The Isle of Man is a strange place but in a good way. In fact, it’s a hidden gem. Most of us know where it is (for those who don’t, it’s in the Irish Sea due west of the Lake District); many have seen it from afar as, on a clear day, it is visible from Wales, England, Scotland and Ireland and it’s probably most famous for its annual TT motorcycle races. Often though, the news about the races is how many riders have been injured or died.
It is a British Crown Dependency (whatever that is) and has its own government, currency and laws and low tax rates, which make it a bit of a tax haven. Though not far away geographically, it’s still a four hour ferry journey from Liverpool.

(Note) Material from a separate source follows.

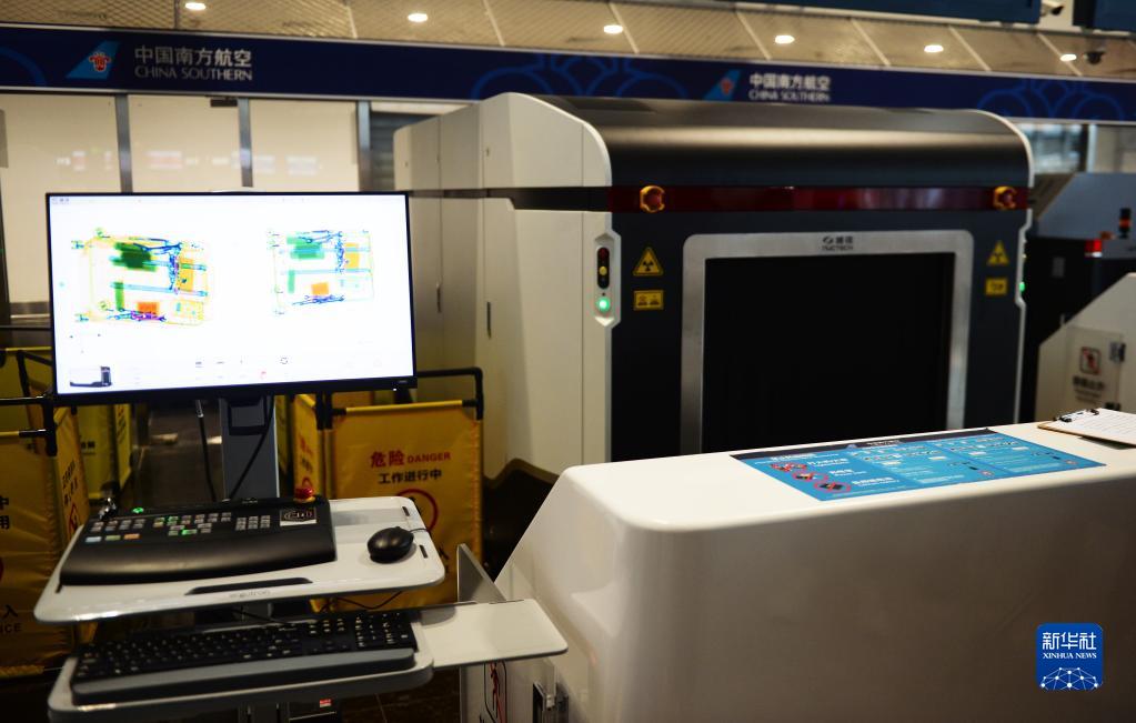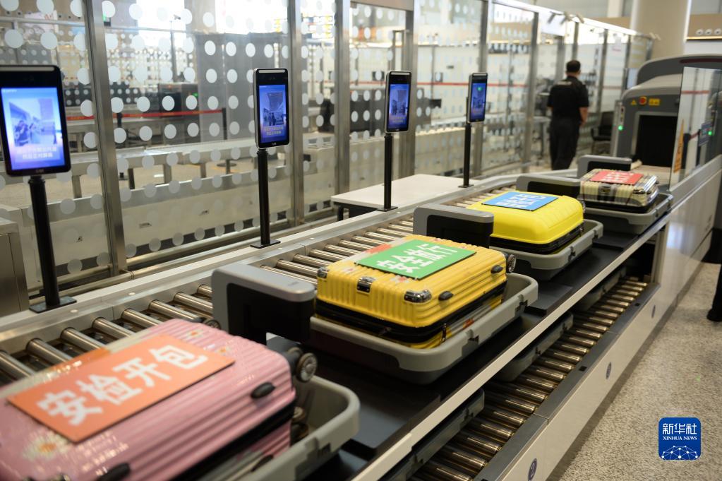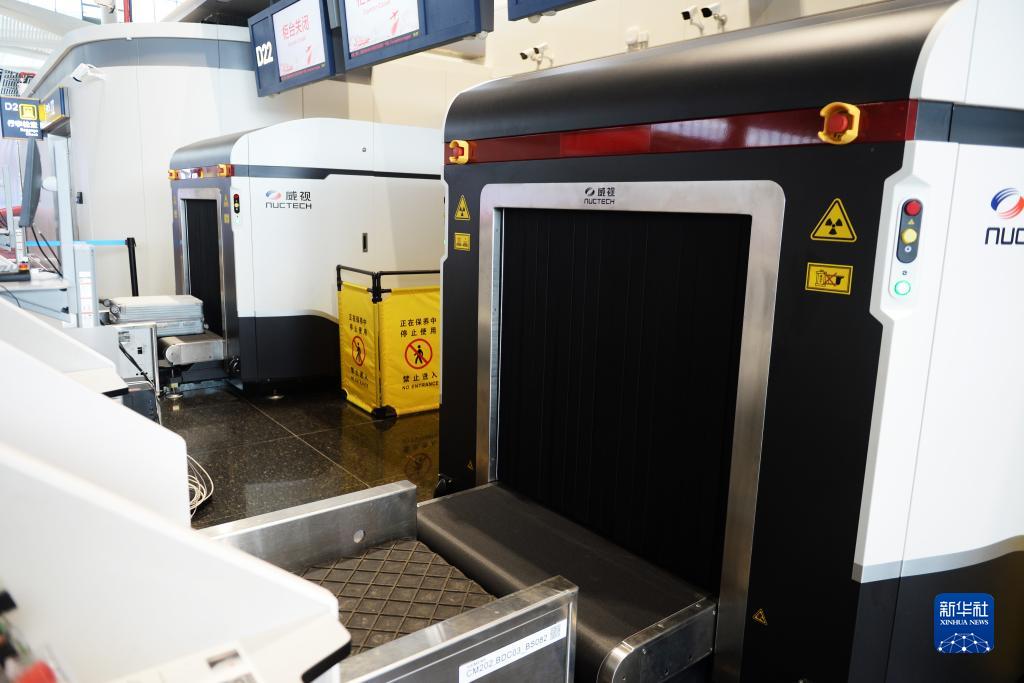 这是6月25日在美兰国际机场拍摄的已安装完毕的国内航班申报柜台托运物品查验设备。

Whilst it is, of course, a modern ‘country’ in every way, it has retained much of its Victorian infrastructure, which gives it olde-worldy appeal for people like me. It still operates the world’s first, horse-drawn, passenger tramway in Douglas, the island’s capital and has an electric tramway, an electric mountain railway and a narrow gauge steam railway. In addition, it has castles, pretty villages and glens, beaches, a mountain, harbours, historical sites in abundance etc. and yet, who do you know who has actually been there? Well I have and I will return. (Hopefully, the tourist board will read this and offer me an expenses paid lecture tour!)
Today’s two magic lantern slides show Douglas when it was a thriving, rather up-market, Victorian seaside resort and the Laxey Wheel which was built in 1854 to remove water from a local mine and is still going strong. The waterwheel is 24 yards in diameter (‘yards’, remember those, before we apparently went metric) and you can see a couple of people climbing the steps, which nicely demonstrates the scale of this very impressive piece of engineering. Talking of metric distances, why does the media, especially the BBC, always describe distance in kilometres rather than miles? To my knowledge, Britain hasn’t formally adopted metric units of length ….. but perhaps I’m wrong. Whether we have or not, I’m sure that many people, like me, find it easier to relate to five miles than five kilometres. That’s today’s rant out of the way!
Both lantern slides were hand coloured when new and whilst not the finest examples of tinting, they would certainly have brought these views to life for Victorian audiences.
To see my Isle of Man booklets, visit my ‘My Books‘ page.
PS. For those interested in one hundred and thirty year old weather updates, it’s a bit overcast in Douglas and clear blue skies in Laxey.